About a week later I was in the large television room where there are wall outlets where I could charge up my batteries and Mr Williams was there. He was walking into the room and he commented to me that he had to go plug in his ankle bracelet or it would go off because it was running out of charge.
I am gone all day most days so I rarely see Mr Williams except when he is going to sleep or already asleep and I am in the process of doing the same. After I realized that this dear soul might be tied to this shelter having just been released from prison I wanted to be in a position to ask him if he needed me to go to the store to get him anything. Finally, the opportunity presented itself. No, he replied I don't need anything. Thank you. Maybe it was later than that day, or soon after, he saw me and said, I don't need you to go to the store, but I wonder if I could borrow 50 cents. I started to hand him 5 dollars and thought better of it, guessing that he might want singles for the various vending machines, so I gratefully handed him four singles. Oh, he said, I will pay you back. No, I said. It is for you. And here are those tears again. Must be the cold.

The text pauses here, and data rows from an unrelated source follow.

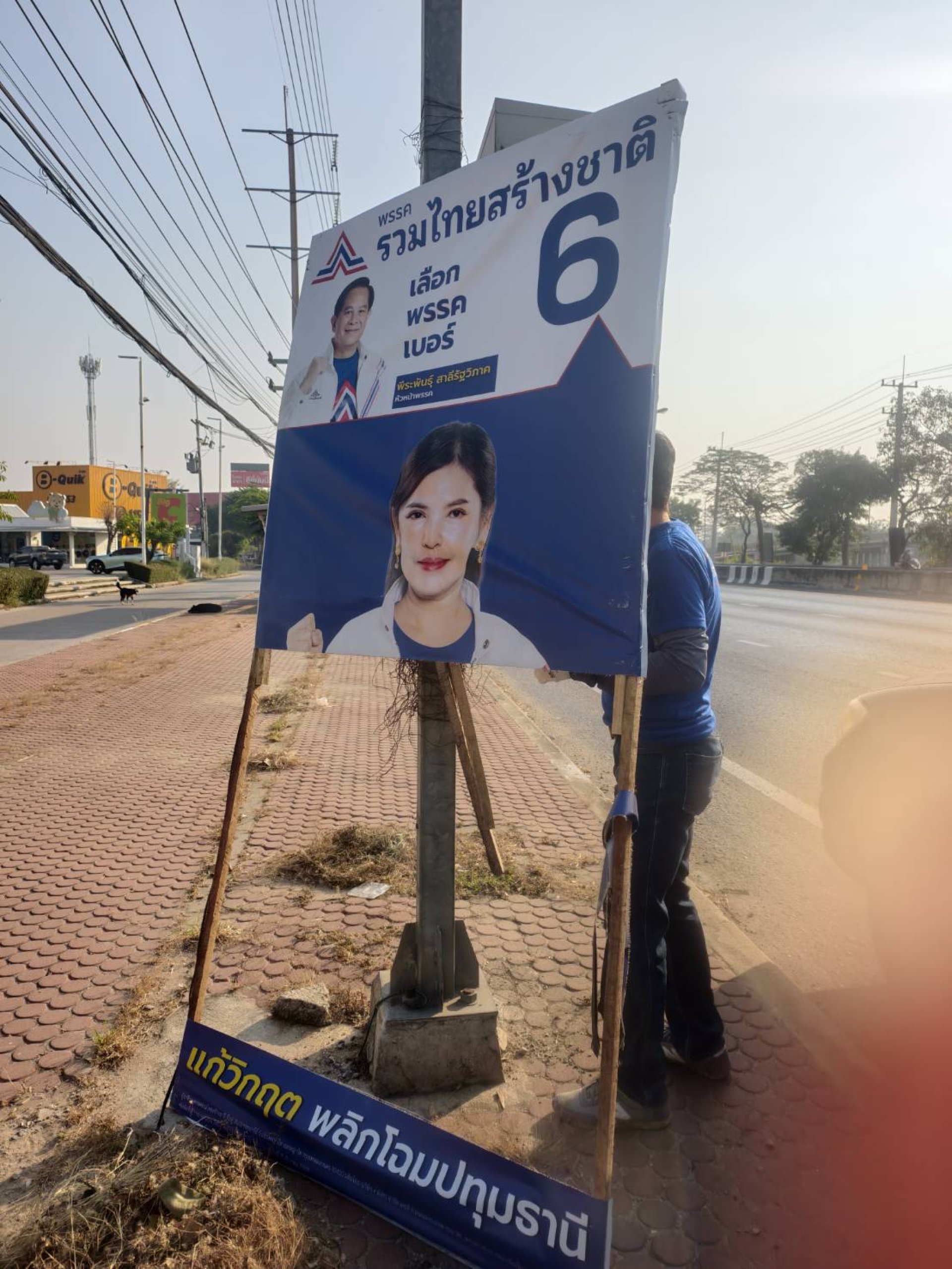 นายพีระพันธุ์ ระบุว่า ตั้งแต่ช่วงเริ่มต้นการหาเสียง พรรคได้ติดตั้งป้ายโฆษณานโยบาย หมายเลขพรรค และหมายเลขผู้สมัคร สส. ในหลายพื้นที่ โดยเฉพาะในเขตกรุงเทพฯ ซึ่งถือเป็นหนึ่งในพรรคแรก ๆ ที่ดำเนินการอย่างถูกต้องตามกฎหมาย แต่ต่อมาพบว่าป้ายของพรรคค่อย ๆ หายไป ถูกถอด ถูกทำลาย หรือถูกป้ายของพรรคการเมืองอื่นนำมาติดทับซ้ำแล้วซ้ำเล่า ทั้งในกรุงเทพฯ และในต่างจังหวัด
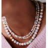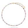 Pierwsza warstwa z drobnych, fasetowanych kamieni w odcieniach pudrowego różu, mlecznej bieli i jasnego błękitu delikatnie podkreśla linię szyi. Druga – z nieco większych, nieregularnych kulek – dodaje głębi i naturalnego charakteru. Najbardziej wyrazista warstwa z większych, matowych kamieni w pastelowych tonach buduje efekt i nadaje całości modowego wyrazu.
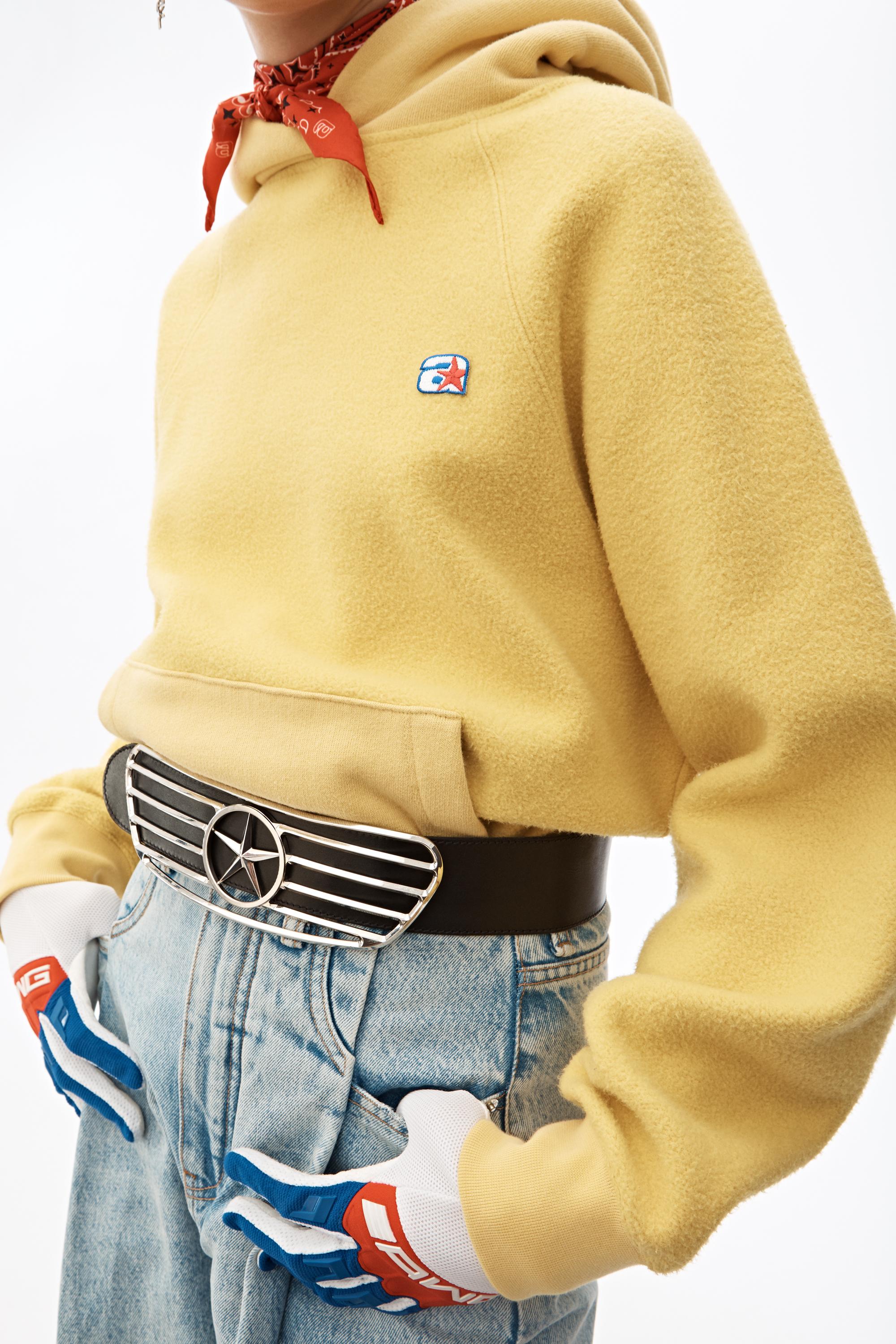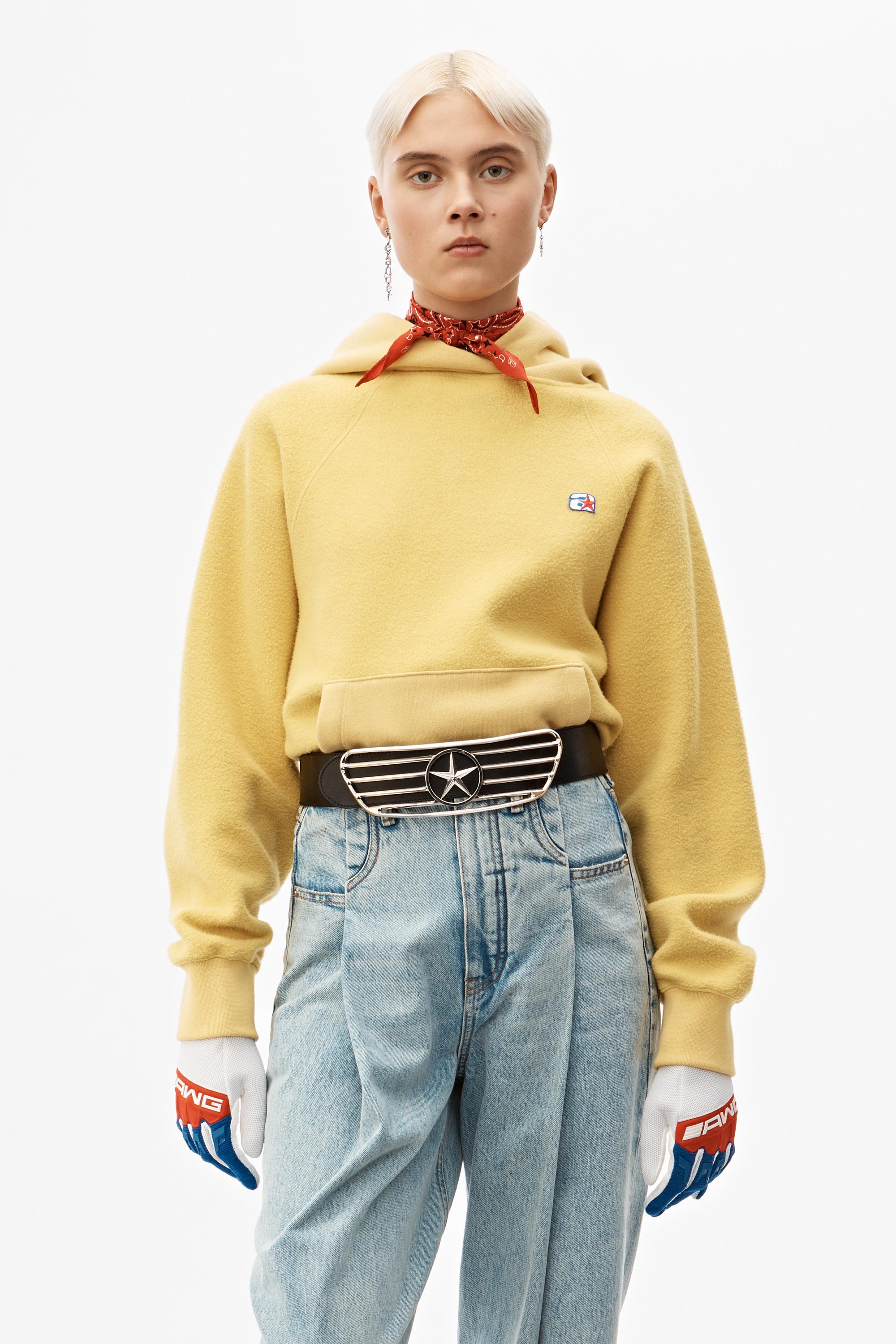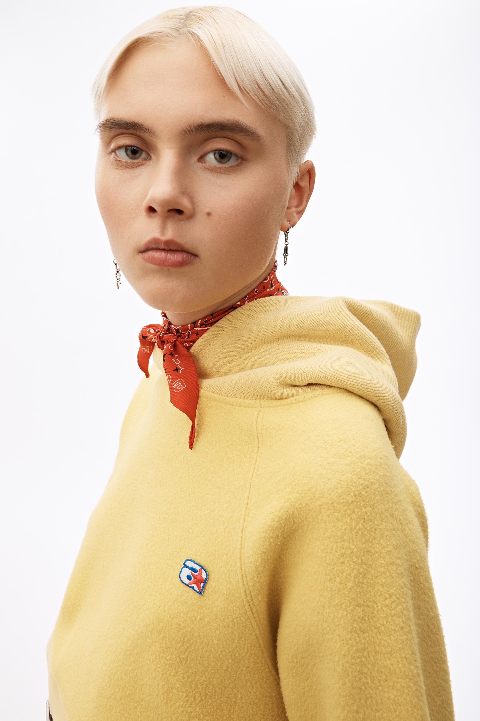 Go to Alexander WangHeavy inside-out brushed terry hoodie with seasonal logo patch at chest. Kangaroo pocket. Ribbed cuffs & hem. Relaxed fit. Hits at hip. Model is 5'10 and wears size S. 100% Cotton. Good things come to those who Wang. Machine wash cold with like colours, gentle cycle. Do not bleach. Lay flat to dry. Cool iron if needed. Colour: yellow
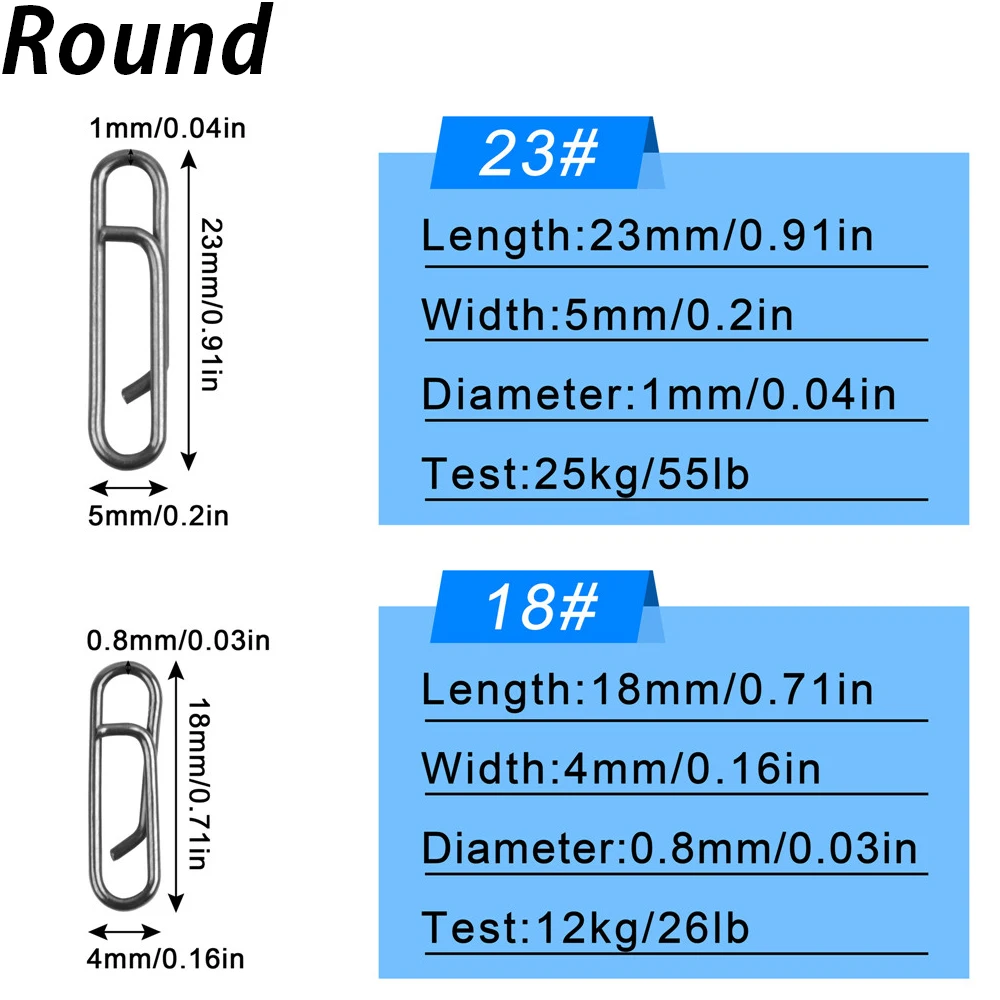 1.Los clips de pesca rápida están hechos de acero inoxidable de alta resistencia, con alta estabilidad, alta dureza, resistencia a la abrasión y resistencia a la corrosión.Adecuado para pesca en agua salada y dulce.
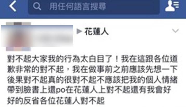 該名媽媽事後也PO文道歉滅火,「對不起大家,我的行為太白目了!我在這跟各位道歉非常對不起,我在做事之前應該先想一下後果,對不起,我不應該把我的個人情緒帶到臉書上,我會好好反省!」
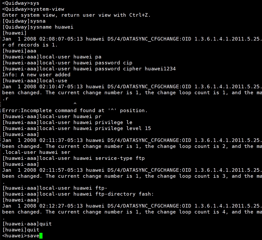 3、更改名称、进入aaa模式、打开ftp服务器ftp-server enable,设置访问用户名、密码,更改模式等保存。
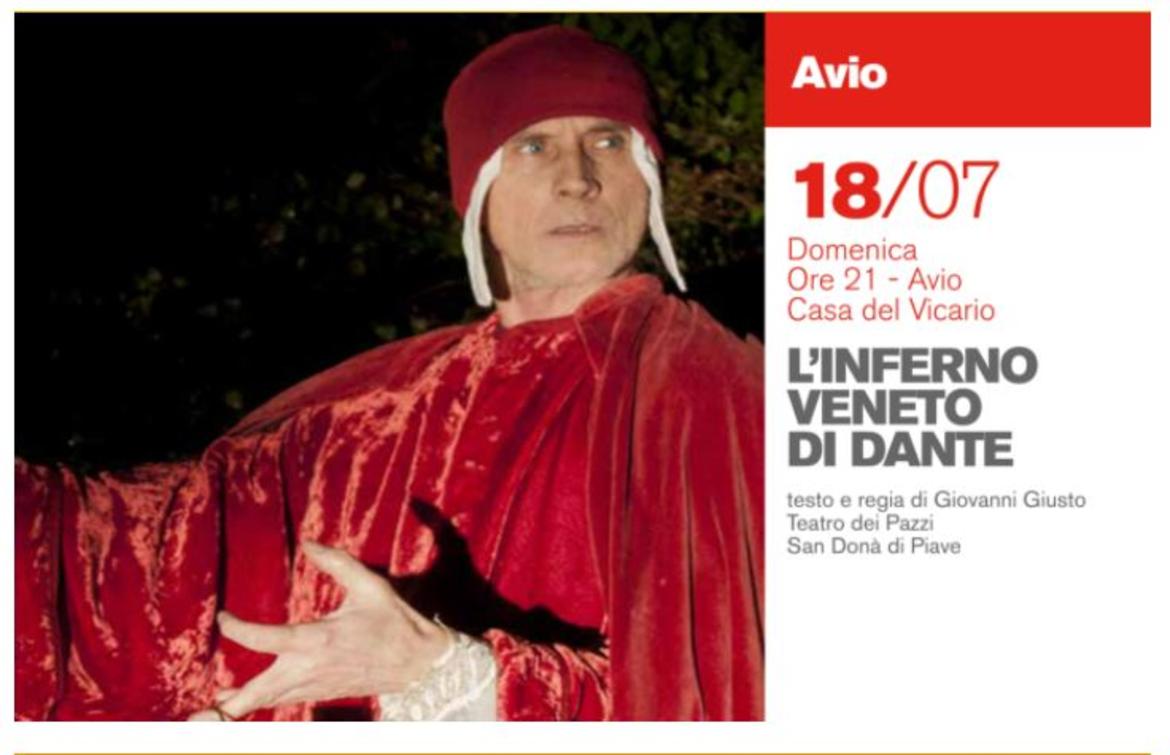 Lo spettacolo rappresenta un viaggio tra i canti e i personaggi più famosi dell’Inferno dantesco, attraverso l’alternanza tra i versi originali e la versione poetica in veneto, l’unica traduzione dialettale della Divina Commedia.

Today in my half hour ritual of putting on layer upon layer of sweat pants and other stuff I became aware Mr Williams was asking another fellow directions to a bank branch. I am thinking that maybe his time with the ankle bracelet is past. He heard me speaking to another fellow of the fact I would be on Capitol Hill. He asked me directions to his bank and I gladly called it up on my computer and a map. Anyway he cleverly put two and two together, this shy man who seems a bit lost and confused about life, and upon realizing I was headed toward his bank branch asked if he could walk with me so that he would not get lost. I'll be happy to wait while you get ready, he said, seeing that I needed more time to get my warm clothes on. Of course, I said, feeling so honored and blessed that I could offer a little bit of help.
As we walked I guessed he would not mind me asking the question, so I asked, why is a man who is so obviously very nice, why were you in prison? He replied, in my prior homeless shelter I saw a credit card, I thought it had been lost. I used it, it turns out it had been stolen, so I was in prison for 2 years. He said this with no anger, no outrage, no question, no objection.
I sit here on Capitol Hill where the elite scum of the earth walks past. If Mr Williams should be in prison for 2 years for what he did after what we have done to him, so much deprivation, then 100 percent of the Senators, and 100% of the congressman should be in prison, in solitary confinement, tortured, for the rest of their days.
Every once in a while it plays through my mind what interface and interchange I will have with the judge when I am finally in court, prior to prison, for my attempts to reform our deadly and dying culture. It seems extremely likely to me that within moments I will politely and honestly tell the judge, quite possibly before she or he asks, your honor I hold this Court in complete and utter contempt. I hold the United States injustice system in total complete utter contempt with every fiber of my being. No, it was not Mr Williams that caused this in me. What I see every day for many many years has this in me. But my experience with this lovely man just brings it to the front of my mind just now.
And now the Congress creatures begin to slither by. Soon, if I am still mobile, I may be able to stagger back to where there is some warmth. Pray for me. Be a prayer for my family in Palestine.